*** RECORDS SUPPLIED ***

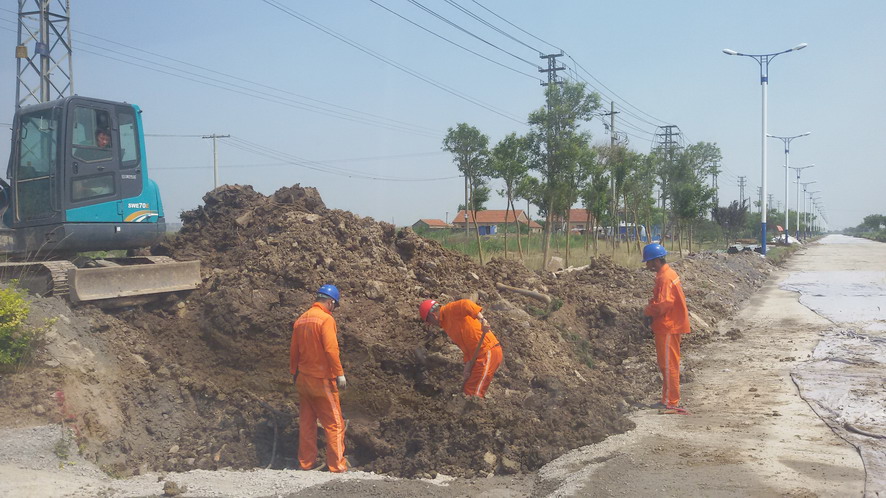 近期因大浦路翻修改造,挖掘机等大型施工器械一不小心就可能将路灯电缆挖断,造成路灯无法正常工作,该路段的路灯故障时有发生。当日上午,维修组电工对该路段的一处路灯故障段进行检查,找出原因并修复,按照工作流程,来到路灯故障路段后,他们首先进入位于绿化带内的路灯控制箱内进行检查,虽然检查前后只用了不到半小时的时间,但是身穿长袖工作服,头戴安全帽,手带绝缘手套,在如此闷热的条件下进入狭小的空间作业,汗水瞬间从每个毛孔中冒出,不一会他们的头发和上衣就已湿透。上有烈日炙烤,下有蒸腾的热浪,每个人的脸上都挂满了汗珠,刚一擦拭完,汗水重又“涌出”,并顺着脸颊滴向地面。在强光的照射下,长时间半蹲后起身,让人不免产生眩晕的感觉。
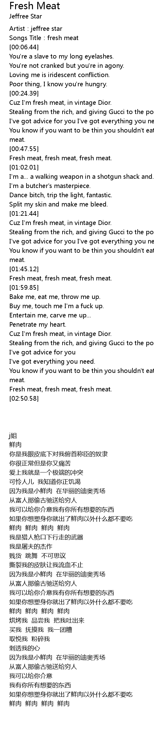 | [00:50.60] | Fresh meat, fresh meat, fresh meat. |
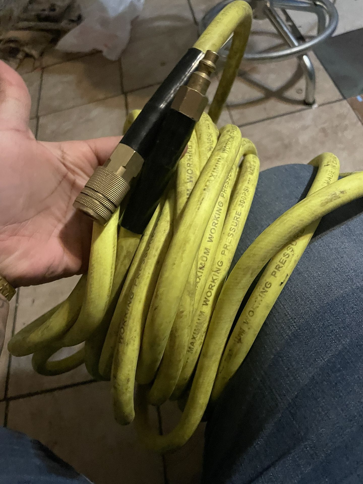 3/8 in. x 50 ft. Flex Reinforced Hybrid Compressor Air Hose Bend Restrictors 300 PSI in Yellow
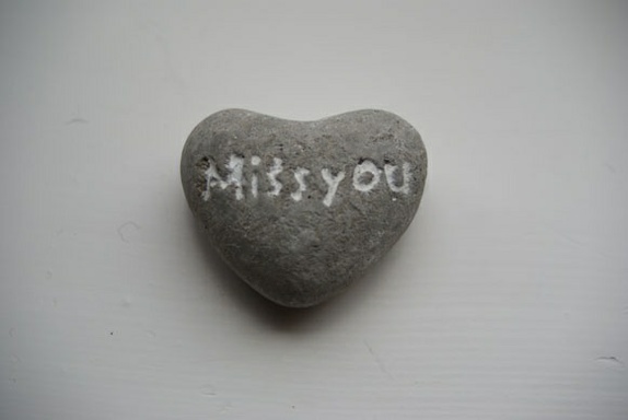 Stein formet som et hjerte med magnet på baksiden.Gravert inn Miss you.
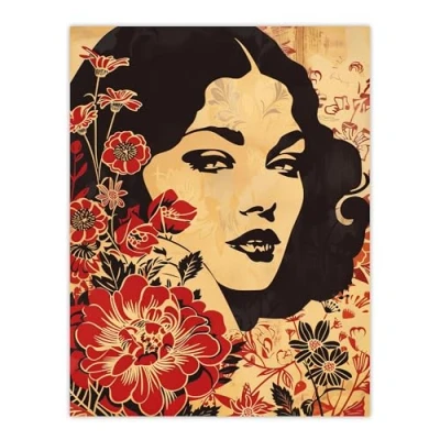 Artery8 Beauty in Bloom Woman Floral Portrait Design Living Room Extra Large XL Wall Art Poster Print
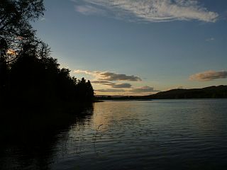 Die ersten hundert Meter paddelten wir kreuz und quer, bis wir uns auf das Kanu eingestimmt hatten. Als wir den Dreh raus hatten, paddelten wir noch ungefähr vier Kilometer, was ungefähr einem Drittel des Sees entsprach. Dann entschlossen wir uns, weil es auch schon später Nachmittag war, unser Nachtlager auf einer der Inseln im See aufzuschlagen. Auf einer langen Insel, die einen Buckel, der sich in der Mitte aber absenkte, hatte, gingen wir an Land und errichteten das Zelt. Dann brieten wir uns ein Fleisch und nach dem Essen besichtigten wir die Nord- und die Südspitze der Insel. Wir hatten von dort aus einen wunderbaren Blick über den abendlichen See. Und ein paar Heidelbeeren gab es auch noch zu finden. Dann begaben wir uns ins Zelt, um noch ein wenig zu lesen und kurz darauf einzuschlafen.
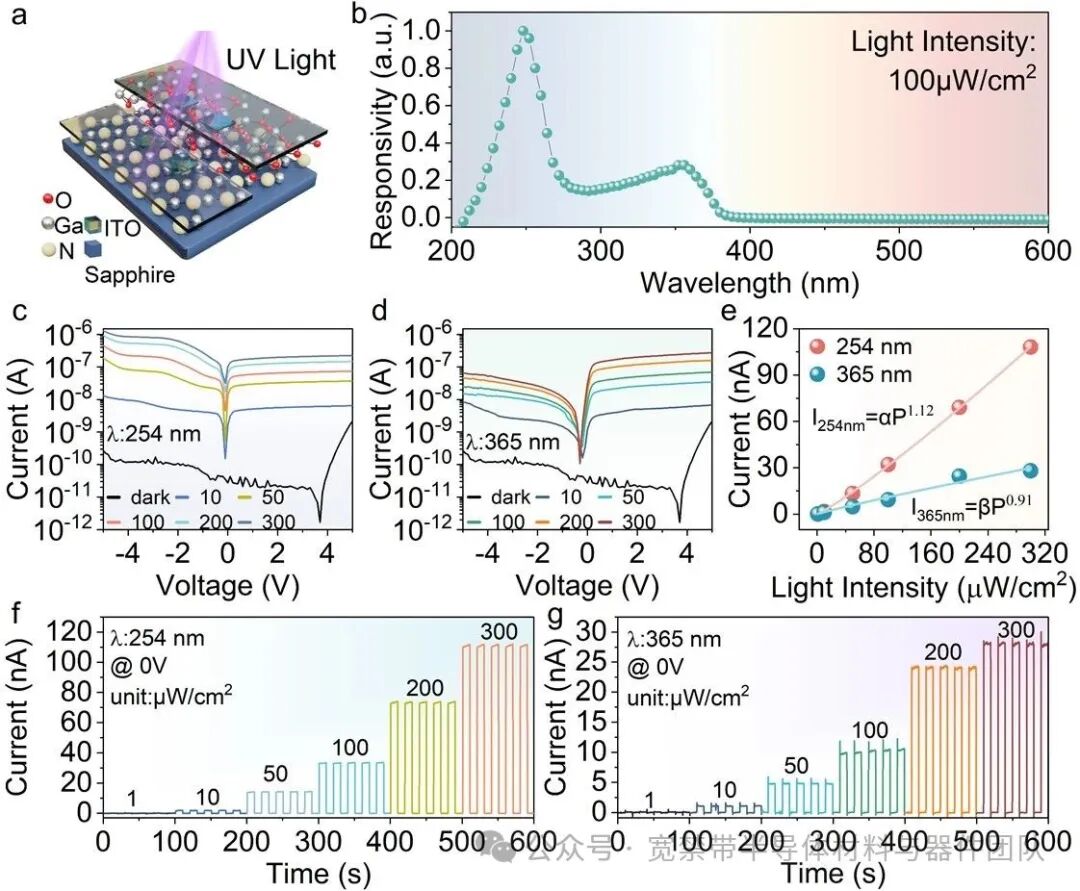 Fig. 3. (a) Schematic of the self-powered Ga2O3/GaN heterojunction photodetector. (b) Spectral responsivity at 0 V. (c) I–V curves under 254 nm illumination with varying power densities. (d) I–V curves under 365 nm illumination with varying power densities. (e) Power-law fitting of photocurrent versus power density at 254 and 365 nm (0 V). (f) I–T curve under 254 nm at 0 V. (g) I–T curve under 365 nm at 0 V.
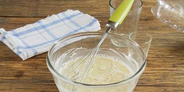 Разбиваем яйца в глубокую миску, добавляем сахар и соль, взбиваем миксером на слабой скорости или вилкой, вливаем теплую кипяченую воду и взбиваем снова.
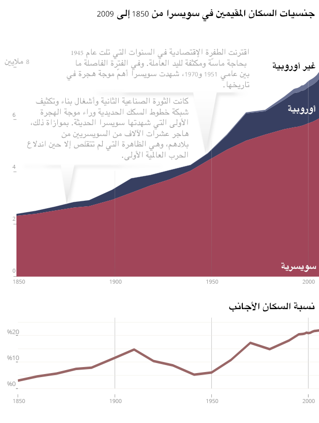 في العام المنقضي، بلغ عدد المهاجرين 73.000 شخص، وهم رقم أدنى بقليل من السنوات الست السابقة. وهؤلاء الأجانب الذين قدموا إلى سويسرا للإقامة أو للبحث عن عمل هم بالأساس من أصحاب المهارات والكفاءات، وينتمون (هم وعائلاتهم) إلى بلدان الإقتصاديات الأوروبية التي ضربتها أزمة إقتصادية مستحكمة منذ عدة سنوات.
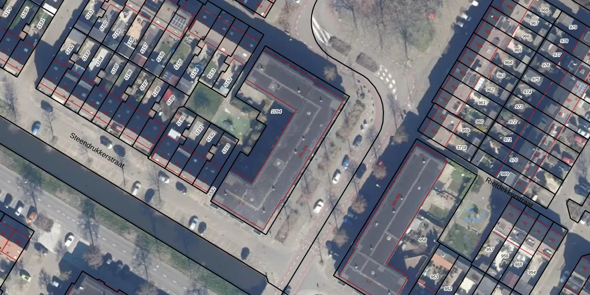 Het perceel waarop Overlanderstraat 297 staat heeft een oppervlakte van 1397 m². Dit is een zeer groot perceel. De perceeloppervlakte wordt geregistreerd door het Kadaster. Gedetailleerde informatie over de maten van dit perceel kunt u vinden in het rapport Kadastrale kaart met maatvoering van Overlanderstraat 297.
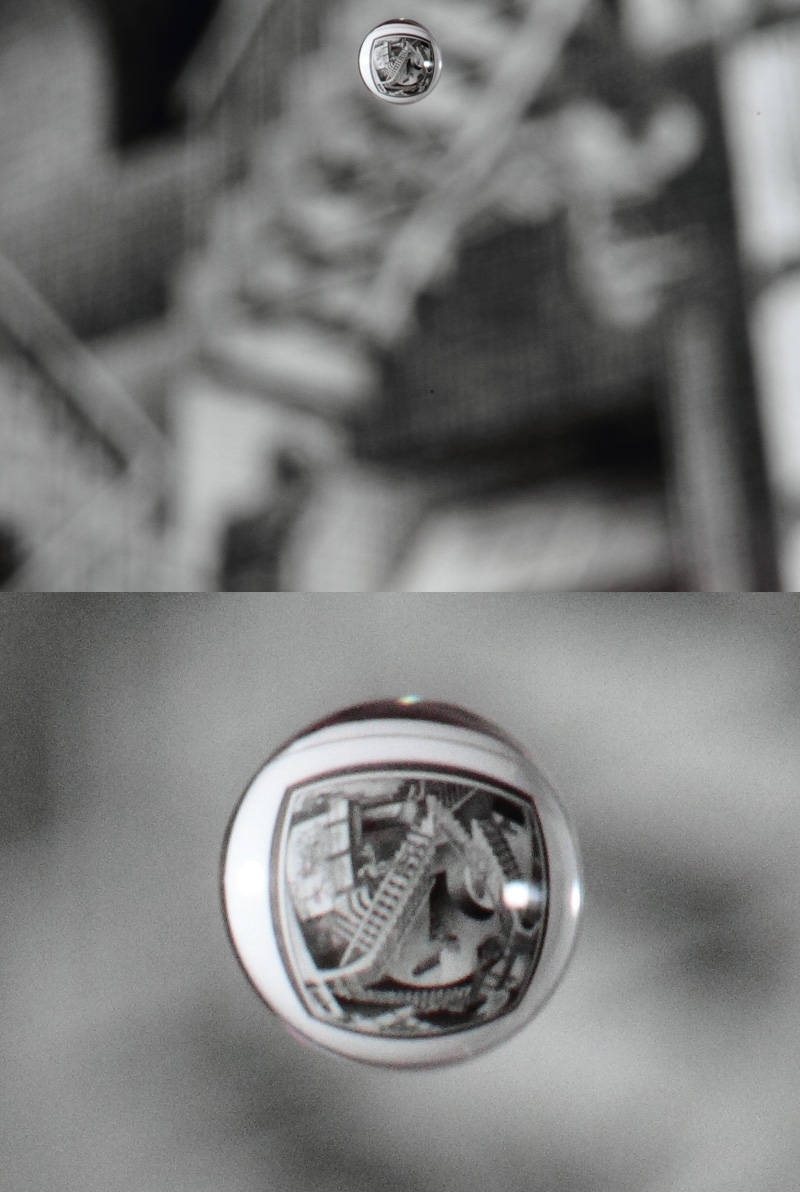 I perusing the blogesphere and came across this. It's an amazing capture of an Escher painting caught in a drop of water. There are several "easier" approaches at doing something of that nature, however the effort put in by this photographer really is impressive.
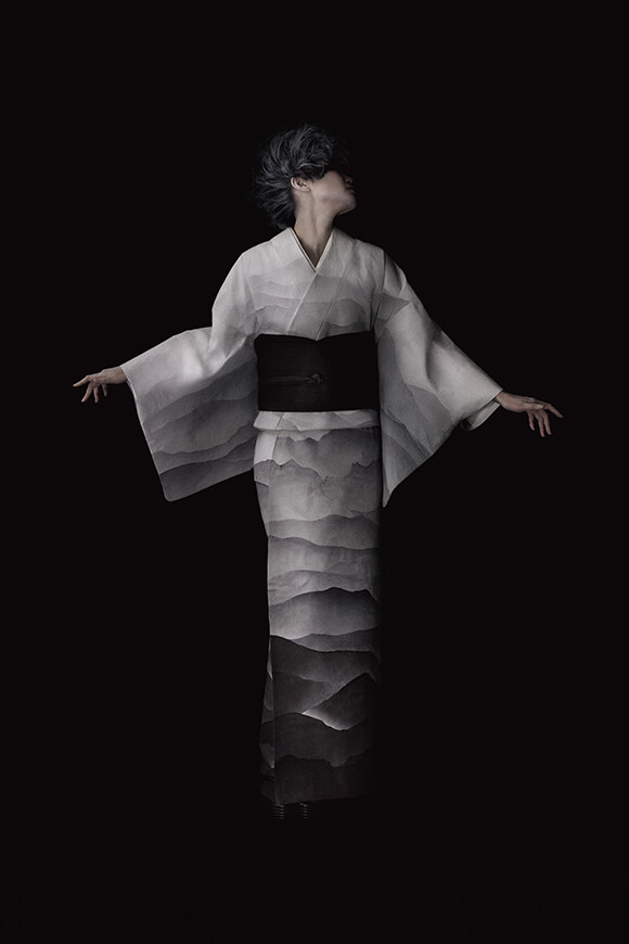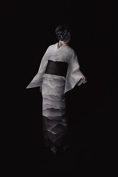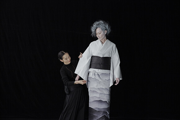 ヘア&メイクアップアーティストの稲垣亮弐さんも、昨年度に引き続き撮影に参加。黒髪が背景に溶け込む境界にハイライトを入れたいという話が出た時、篠原さんはきもののグラデーションを職人がスプレーガンで一枚一枚つくりあげてくれたことを稲垣さんに伝えた。記事No.05に登場した、ベテラン職人の桐原義雄さんとの制作の日々が脳裏に浮かんだのだろう。稲垣さんはスプレーを使い、霧がかかったような神秘的なニュアンスを表現。桐原さんの卓越した技術力と誠実な仕事への、篠原さんたちからのオマージュのようだった。

*** End of RECORDS SUPPLIED ***

PROBLEM TO WORK ON:
Leave out the pictures. Return exactly the lines from the first line of the records to the line bearing "Die ersten hundert", inclusive.

REPLY TO THE EXERCISE:
 近期因大浦路翻修改造,挖掘机等大型施工器械一不小心就可能将路灯电缆挖断,造成路灯无法正常工作,该路段的路灯故障时有发生。当日上午,维修组电工对该路段的一处路灯故障段进行检查,找出原因并修复,按照工作流程,来到路灯故障路段后,他们首先进入位于绿化带内的路灯控制箱内进行检查,虽然检查前后只用了不到半小时的时间,但是身穿长袖工作服,头戴安全帽,手带绝缘手套,在如此闷热的条件下进入狭小的空间作业,汗水瞬间从每个毛孔中冒出,不一会他们的头发和上衣就已湿透。上有烈日炙烤,下有蒸腾的热浪,每个人的脸上都挂满了汗珠,刚一擦拭完,汗水重又“涌出”,并顺着脸颊滴向地面。在强光的照射下,长时间半蹲后起身,让人不免产生眩晕的感觉。
 | [00:50.60] | Fresh meat, fresh meat, fresh meat. |
 3/8 in. x 50 ft. Flex Reinforced Hybrid Compressor Air Hose Bend Restrictors 300 PSI in Yellow
 Stein formet som et hjerte med magnet på baksiden.Gravert inn Miss you.
 Artery8 Beauty in Bloom Woman Floral Portrait Design Living Room Extra Large XL Wall Art Poster Print
 Die ersten hundert Meter paddelten wir kreuz und quer, bis wir uns auf das Kanu eingestimmt hatten. Als wir den Dreh raus hatten, paddelten wir noch ungefähr vier Kilometer, was ungefähr einem Drittel des Sees entsprach. Dann entschlossen wir uns, weil es auch schon später Nachmittag war, unser Nachtlager auf einer der Inseln im See aufzuschlagen. Auf einer langen Insel, die einen Buckel, der sich in der Mitte aber absenkte, hatte, gingen wir an Land und errichteten das Zelt. Dann brieten wir uns ein Fleisch und nach dem Essen besichtigten wir die Nord- und die Südspitze der Insel. Wir hatten von dort aus einen wunderbaren Blick über den abendlichen See. Und ein paar Heidelbeeren gab es auch noch zu finden. Dann begaben wir uns ins Zelt, um noch ein wenig zu lesen und kurz darauf einzuschlafen.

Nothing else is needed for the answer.